# Le 2025 Dataset

**Dataset Source:** [figshare 29203457](https://doi.org/10.6084/m9.figshare.29203457)

**Companion code (paper analyses):** [melizalab/auditory-restoration](https://github.com/melizalab/auditory-restoration)
(also archived at [Zenodo 15864044](https://doi.org/10.5281/zenodo.15864044)).

**Citation:**
```text
Le, B.; Bjoring, M. C.; Meliza, C. D. (2025). The zebra finch auditory cortex
reconstructs occluded syllables in conspecific song. Nature Communications,
16:8452. https://doi.org/10.1038/s41467-025-63182-y
```


## Dataset Details

**Population fitting:** ✅

**Description of Stimuli:**
- 8 conspecific song motifs ("natural-syntax", `nat8a` / `nat8b` stim sets)
  plus 8 scrambled-syntax pseudo-motifs (`synth8b`); each motif 837–1200 ms,
  high-pass filtered at 500 Hz, RMS-normalized to −27 dBFS (cohorts 1 & 2) or
  −30 dBFS (cohort 3).
- 2 critical intervals (CI1, CI2) per motif, 58–100 ms duration each.
- Up to **7 variants per CI**, probing the auditory restoration illusion:

  | code | name                  | content                                          | cohorts |
  | ---- | --------------------- | ------------------------------------------------ | ------- |
  | C    | Continuous            | Unmodified motif (shared across both CIs)        | all     |
  | G    | Gap                   | CI replaced by silence                           | all     |
  | N    | Noise                 | CI-duration noise burst in isolation             | all     |
  | GB   | Gap + Burst           | CI replaced by noise within the motif (illusion) | all     |
  | CB   | Continuous + Burst    | Motif unchanged, noise added on top of CI        | all     |
  | GM   | Gap-Masked            | Whole motif masked by noise, CI deleted          | nat8b / synth8b |
  | CM   | Continuous-Masked     | Whole motif masked, CI intact                    | nat8b / synth8b |

- Wav files at native sample rate (40 kHz `nat8a`, 48 kHz `nat8b`,
  44.1 kHz `synth8b`).
- 10 presentation repeats per (motif, variant) per neuron; some trials
  curated out → effective `R` ranges 4–10.

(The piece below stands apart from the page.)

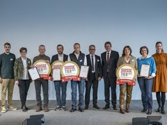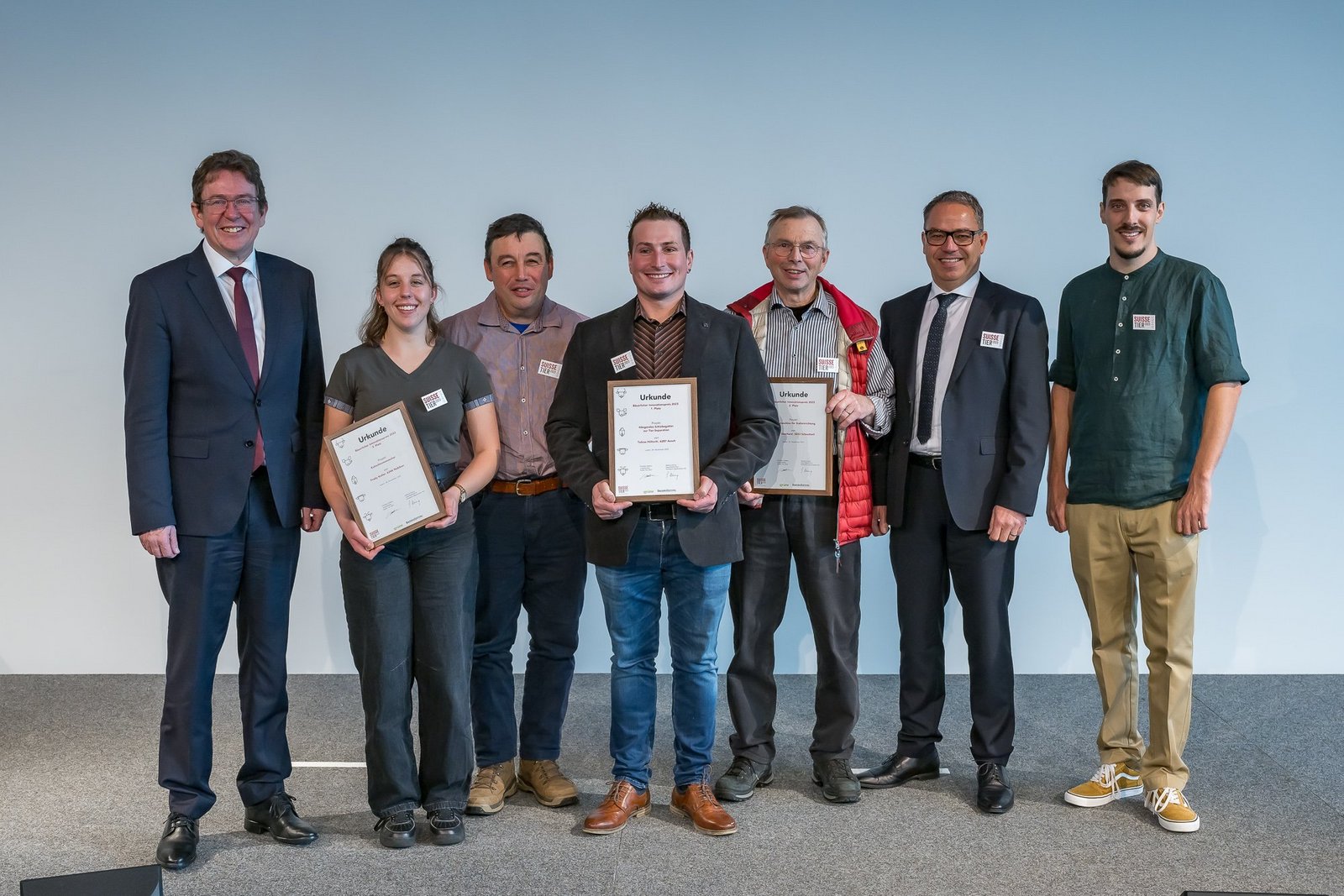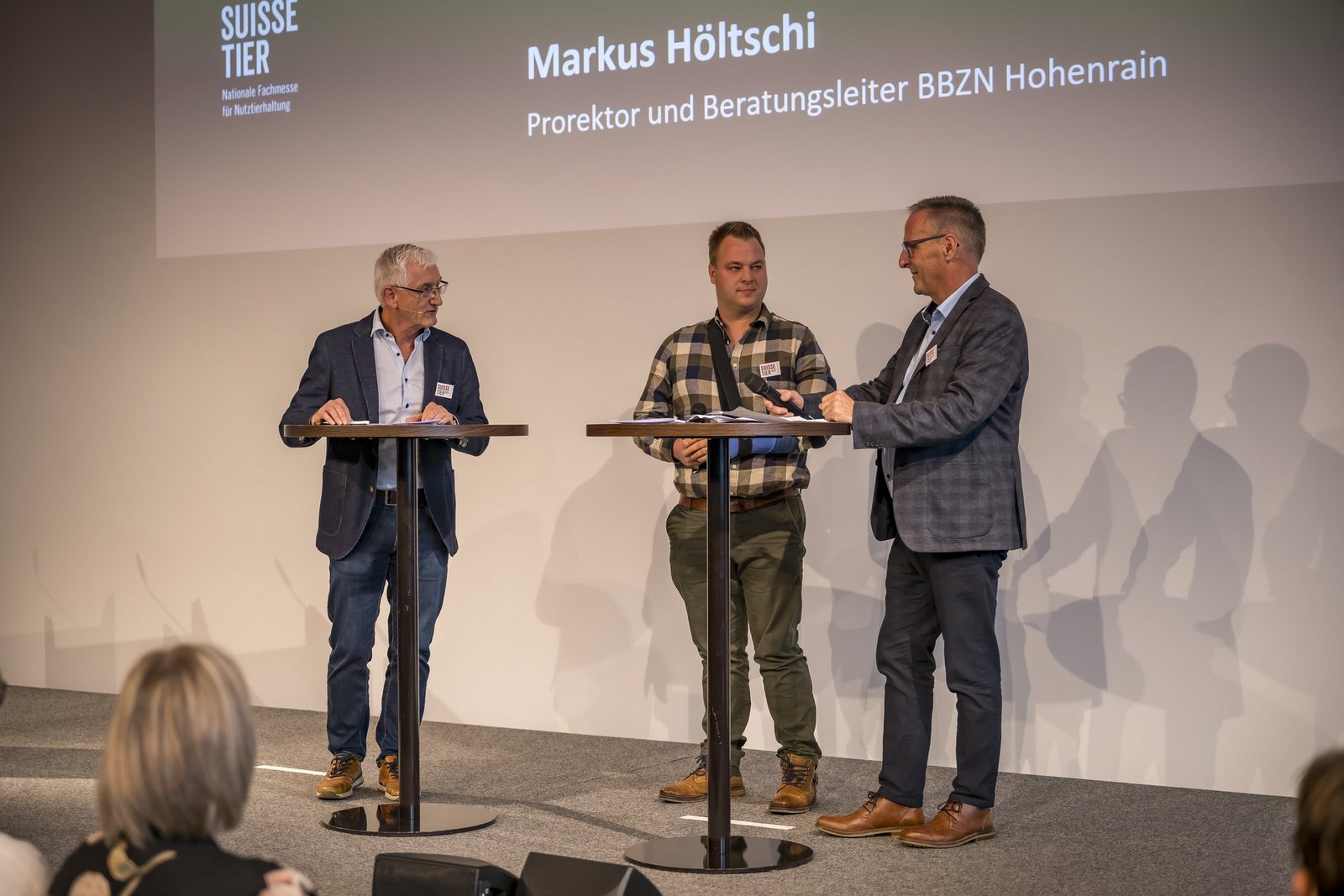 Bereits die Eröffnung der Suisse Tier 2023 war für die Verantwortlichen eine runde Angelegenheit. Nach Geleitworten von Messebeirats-Präsident Meinrad Pfister tauschte sich Markus Höltschi, Prorektor des BBZN Hohenrain, mit den Landwirten Thomas und Marc Grüter vom Sonnhaldenhof in St. Urban LU zum Messe-Thema Effizienz aus. Im Anschluss verlieh die Schweizer Agrarmedien AG, zu der die BauernZeitung und das Fachmagazin «die grüne» gehören, drei Spezialpreise für herausragende gewerbliche Neuheiten und zeichnete drei findige bäuerliche Tüftler für ihre Innovationen aus.

**Description of Neurons:**
- Extracellular single-unit recordings from anesthetized adult zebra finch
  auditory pallium (NCM/L3, L2a/b, CM/L1; some sites unlabelled).
- Three cohorts × two stim sets = four (cohort, stim-set) pairings:

  | sub-experiment | response dirs            | cohort(s) | birds | units |
  | -------------- | ------------------------ | --------- | ----- | ----- |
  | `nat8a`        | `nat8a-{alpha,beta}-responses/` | 1 + 2 | 14 + 10 | 407 + 387 |
  | `nat8b`        | `nat8b-responses/`              | 3     | ~8      | 445   |
  | `synth8b`      | `synth8b-responses/`            | 3     | ~5      | 476   |

  *Cohort 1 (`nat8a-alpha`) had a familiarity manipulation*: half the birds
  were socially housed with half of the 8 stimulus singers before recording.
  Cohorts 2 and 3 are entirely unfamiliar (singers had died by then).

**Spike sorting:**
- Cohort 1: MountainSort 4 + `phy` curation.
- Cohorts 2 & 3: Kilosort 2.5 + `phy` curation.
- Spike times stored per-unit as JSON
  [pprox](https://meliza.org/spec:2/pprox/) files.
  *Two pprox schemas coexist*: cohort 1 uses the legacy `spec:2/pprox` (spike
  times in ms, `condition` field encodes the variant); everything else uses
  `spec:2/stimtrial` (spike times in seconds, `stimulus.name` carries the
  full filename stem). The dataset class dispatches on `$schema` and
  presents a uniform interface to callers.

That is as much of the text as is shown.